HRW reported that as recently as late August, authorities arrested two Egyptian men who allegedly witnessed a high-profile gang rape in Cairo's Fairmont Nile City Hotel in 2014. The men were to provide evidence in the case to police. However, the officers unlawfully searched the men's phones during their detainment at the al-Tagamoa First Police Station. The authorities found photos of the men allegedly engaged in gay sex. They used that to keep the men in custody, which was approved by judges several times. The men were cut off from communicating with anyone in the outside world for several days and subjected to forced anal examinations. The two men now potentially face charges of debauchery under Egyptian law.

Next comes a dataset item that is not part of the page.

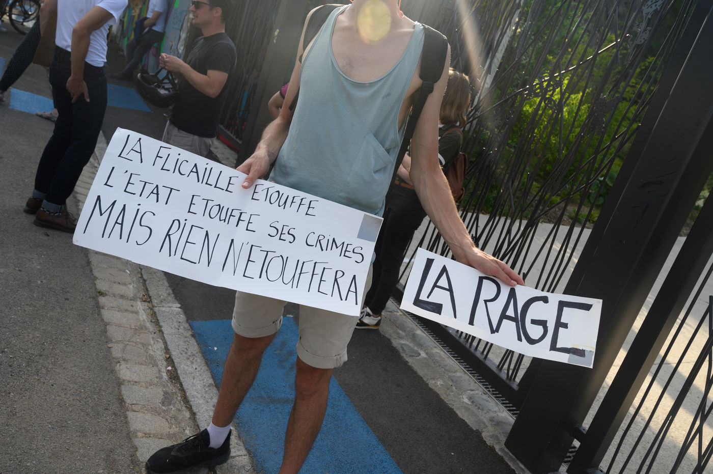 This gathering was also an opportunity to denounce the denial of justice in the face of police violence, particularly that concerning the death in Beaumont-sur-Oise in July 2016 of Adama Traoré, which occurred in circumstances similar to those of George Floyd. At the time of this gathering in Nantes, another one was taking place in front of the Paris Court of First Instance to denounce the "denial of justice" surrounding the death of Adama Traoré at the call of the collective "Justice for Adama".

Leading up to the court hearings, they could face similar abuses as some LGBTQ survivors of Egyptian detainment experienced.

An unidentified female activist who was detained at a protest in 2018 described in the report being subjected to three separate "virginity" tests during her detention. She told HRW that a female officer "grabbed and squeezed" her breasts and vagina while examining her before opening her anus.

The officer "inserted her hand inside so deep that I felt she pulled something out of me. I bled for three days and could not walk for weeks. I couldn't go to the bathroom," she said. "I developed medical conditions that I still suffer from today."

An unidentified man detained by authorities in 2019 described being beaten senseless before being tied up while standing in a dark, unventilated room. He was left in the position for three days, according to the report.

"They didn't let me go to the bathroom. I had to wet my clothes and even shit in them," he said. "I still had no idea why I was arrested."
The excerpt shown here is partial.